» **Assignment**
Your job is to transcribe all the records that follow, excluding any pictures.

Records drawn from a dataset
________________________
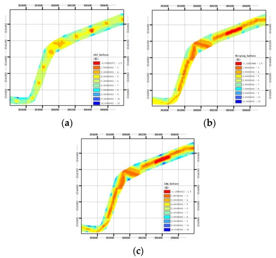 Interpolation results directly using (a) RBF, (b) Kriging, and (c) IDW without preliminary encryption under CGCS2000 coordinate system.
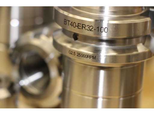 4 UNITÉS/ENSEMBLES DE ATT0008 COMPRESSÉS ENSEMBLE. UN SEUL ATT0008 CORRESPOND À : Cones porte-outils BT40-ER32-100, équilibrés jusqu’à 25 000 tr/min. Un ensemble nouvellement emballé de 5 pièces, chacune lubrifiée et scellée dans des sacs individuels.
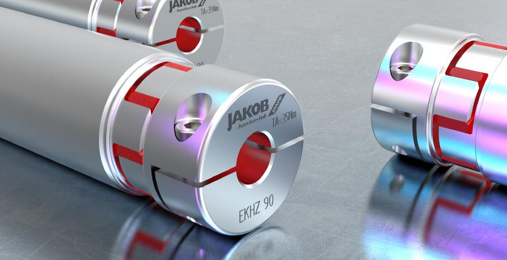 Außer den Verbindungswellen der Reihen WDS, WDE und WD-VA bietet Jakob noch eine weitere Standardbaureihe und kundenspezifische Lösung für die Überbrückung großer Achsabstände an: Die auf Elastomerkupplungen der Reihe EKH basierende Reihe EKHZ. Der Einsatzbereich der Reihe EKHZ liegt hauptsächlich in Anwendungen mit mittleren Betriebsdrehzahlen. Sie deckt einen Drehmomentbereich von 20 bis 1600 Nm ab und erlaubt maximale Drehzahlen von 3500 U/min bei der minimalen Länge von 50 cm. Sie eignet sich für Wellendurchmesser von 10 bis 100 mm. Allgemein beträgt die erreichbare maximale Länge der Reihe EKHZ drei Meter. Die Reihe EKHZ erlaubt es, Schwingungen effizient abzubauen. Der Grad der Schwingungsdämpfung lässt sich durch die Shorehärte der Ausgleichselemente anpassen. Die verwendeten Kunststoffsterne bieten zwei Vorteile: auch ohne Halbschalenausführung lassen sich die Kupplungen, da steckbar, einfach montieren. Zudem wirkt der Kunststoff thermisch und elektrisch isolierend. Aufgrund der Eigenschaften des verwendeten Materials können diese Kupplungen nur bis 90°C eingesetzt werden, wobei sich das zulässige Übertragungsdrehmoment mit zunehmender Temperatur reduziert.
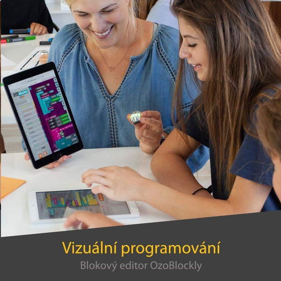 Chcete srandovního robota na ovládání, co se vejde do kapsy? Rádi byste přitáhli děti k informatice? Baví vás nové technologie a chcete si vyzkoušet programování? Začněte s Ozobot Evo, ten zvládne klidně všechno najednou a ještě víc. Jde o promyšlenou výukovou pomůcku, vhodnou pro zájmové i školní vzdělávání napříč předměty i stupni. Malý bot je nadupaný funkcemi, diodami, reproduktory a senzory, přesto jeho baterie vydrží celou vyučovací hodinu. Umí sledovat vodicí čáry a vykonat zakódované příkazy nakreslené na papíře, nebo provede všechno podle jednoduše vytvořeného skriptu, který sami naprogramujete v intuitivním editoru Ozobot Blockly nebo pokročilejším Ozobot Editoru. Zní to složitě? Vůbec z toho nemusíte mít strach. Ovládání je snadné a s přehledem ho zvládnou už 8leté děti i dospělí, kteří se drobné elektronice raději vyhýbají. A na ty vůbec nejlehčí úkoly si troufají i předškoláci! Už od nejnižšího věku tak můžete rozvíjet jejich kreativitu, kritické myšlení, schopnosti pracovat v týmu, kódovat a řešit problémy.
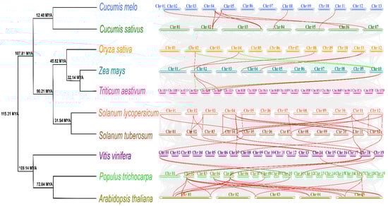 Divergence times and synteny of 14-3-3s among the 10 species. The left side of the figure shows the constructed evolutionary divergence tree with the divergence time labeled above the branches. In the middle are the Latin names of 10 different species. The long bars of different colors on the right side represent the chromosomes of different species. The gray line indicates the synteny of all genes between different species. The red line indicates the synteny of 14-3-3s between different species. The green line indicates the synteny between the 14-3-3s of one species and the non-14-3-3s of another species.
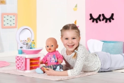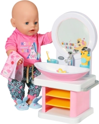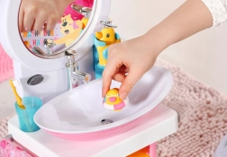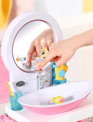 Apprenez de bonnes habitudes d’hygiène aux enfants en jouant. Le lavabo blanc et rose pour poupée BABY born propose des effets lumineux et sonores, un véritable jet d’eau en pressant le robinet et d’adorables accessoires pour un soin complet. Lorsque le miroir s’allume, une mélodie retentit et sert de minuteur ludique pour le lavage des mains.
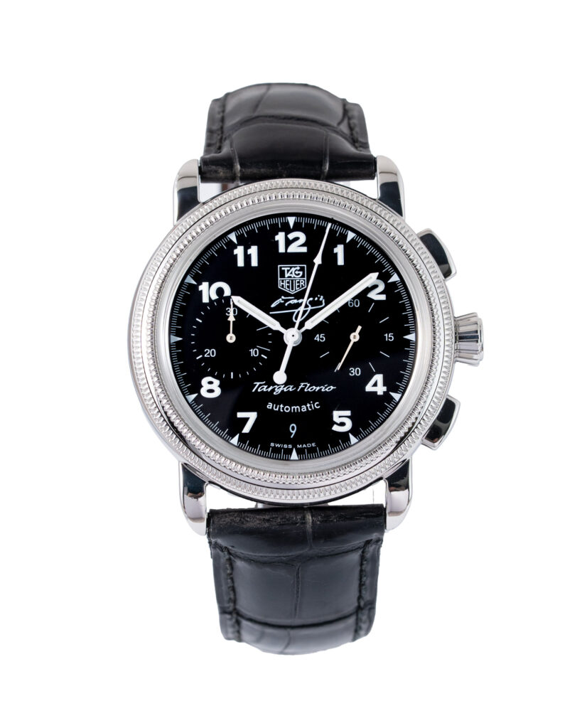 brand: Tag Heuer Reference: CX2113 Model: Targa Florio case MATERIAL: Steel strap: Leather case Size (MM): 40mm Dial colour: Black Bezel: Steel Year: 07/2005 Condition: Excellent Box papers : Paperwork/box
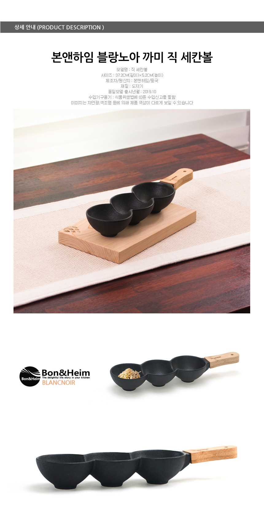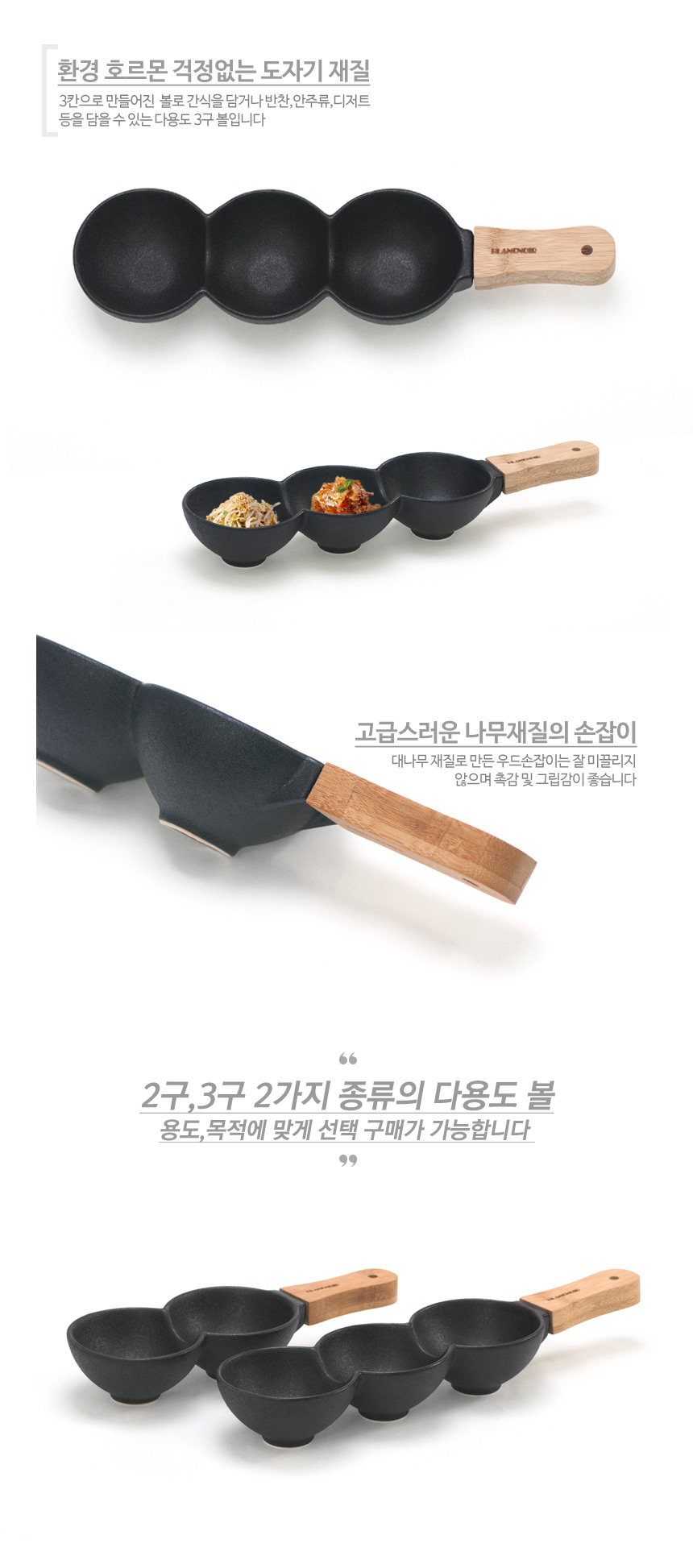 ETC 블랑노아 까미 세칸볼 나눔접시 손잡이 반찬접시 이미지/
________________________
» **Your response**
 Interpolation results directly using (a) RBF, (b) Kriging, and (c) IDW without preliminary encryption under CGCS2000 coordinate system.
 4 UNITÉS/ENSEMBLES DE ATT0008 COMPRESSÉS ENSEMBLE. UN SEUL ATT0008 CORRESPOND À : Cones porte-outils BT40-ER32-100, équilibrés jusqu’à 25 000 tr/min. Un ensemble nouvellement emballé de 5 pièces, chacune lubrifiée et scellée dans des sacs individuels.
 Außer den Verbindungswellen der Reihen WDS, WDE und WD-VA bietet Jakob noch eine weitere Standardbaureihe und kundenspezifische Lösung für die Überbrückung großer Achsabstände an: Die auf Elastomerkupplungen der Reihe EKH basierende Reihe EKHZ. Der Einsatzbereich der Reihe EKHZ liegt hauptsächlich in Anwendungen mit mittleren Betriebsdrehzahlen. Sie deckt einen Drehmomentbereich von 20 bis 1600 Nm ab und erlaubt maximale Drehzahlen von 3500 U/min bei der minimalen Länge von 50 cm. Sie eignet sich für Wellendurchmesser von 10 bis 100 mm. Allgemein beträgt die erreichbare maximale Länge der Reihe EKHZ drei Meter. Die Reihe EKHZ erlaubt es, Schwingungen effizient abzubauen. Der Grad der Schwingungsdämpfung lässt sich durch die Shorehärte der Ausgleichselemente anpassen. Die verwendeten Kunststoffsterne bieten zwei Vorteile: auch ohne Halbschalenausführung lassen sich die Kupplungen, da steckbar, einfach montieren. Zudem wirkt der Kunststoff thermisch und elektrisch isolierend. Aufgrund der Eigenschaften des verwendeten Materials können diese Kupplungen nur bis 90°C eingesetzt werden, wobei sich das zulässige Übertragungsdrehmoment mit zunehmender Temperatur reduziert.
 Chcete srandovního robota na ovládání, co se vejde do kapsy? Rádi byste přitáhli děti k informatice? Baví vás nové technologie a chcete si vyzkoušet programování? Začněte s Ozobot Evo, ten zvládne klidně všechno najednou a ještě víc. Jde o promyšlenou výukovou pomůcku, vhodnou pro zájmové i školní vzdělávání napříč předměty i stupni. Malý bot je nadupaný funkcemi, diodami, reproduktory a senzory, přesto jeho baterie vydrží celou vyučovací hodinu. Umí sledovat vodicí čáry a vykonat zakódované příkazy nakreslené na papíře, nebo provede všechno podle jednoduše vytvořeného skriptu, který sami naprogramujete v intuitivním editoru Ozobot Blockly nebo pokročilejším Ozobot Editoru. Zní to složitě? Vůbec z toho nemusíte mít strach. Ovládání je snadné a s přehledem ho zvládnou už 8leté děti i dospělí, kteří se drobné elektronice raději vyhýbají. A na ty vůbec nejlehčí úkoly si troufají i předškoláci! Už od nejnižšího věku tak můžete rozvíjet jejich kreativitu, kritické myšlení, schopnosti pracovat v týmu, kódovat a řešit problémy.
 Divergence times and synteny of 14-3-3s among the 10 species. The left side of the figure shows the constructed evolutionary divergence tree with the divergence time labeled above the branches. In the middle are the Latin names of 10 different species. The long bars of different colors on the right side represent the chromosomes of different species. The gray line indicates the synteny of all genes between different species. The red line indicates the synteny of 14-3-3s between different species. The green line indicates the synteny between the 14-3-3s of one species and the non-14-3-3s of another species.
 Apprenez de bonnes habitudes d’hygiène aux enfants en jouant. Le lavabo blanc et rose pour poupée BABY born propose des effets lumineux et sonores, un véritable jet d’eau en pressant le robinet et d’adorables accessoires pour un soin complet. Lorsque le miroir s’allume, une mélodie retentit et sert de minuteur ludique pour le lavage des mains.
 brand: Tag Heuer Reference: CX2113 Model: Targa Florio case MATERIAL: Steel strap: Leather case Size (MM): 40mm Dial colour: Black Bezel: Steel Year: 07/2005 Condition: Excellent Box papers : Paperwork/box
 ETC 블랑노아 까미 세칸볼 나눔접시 손잡이 반찬접시 이미지/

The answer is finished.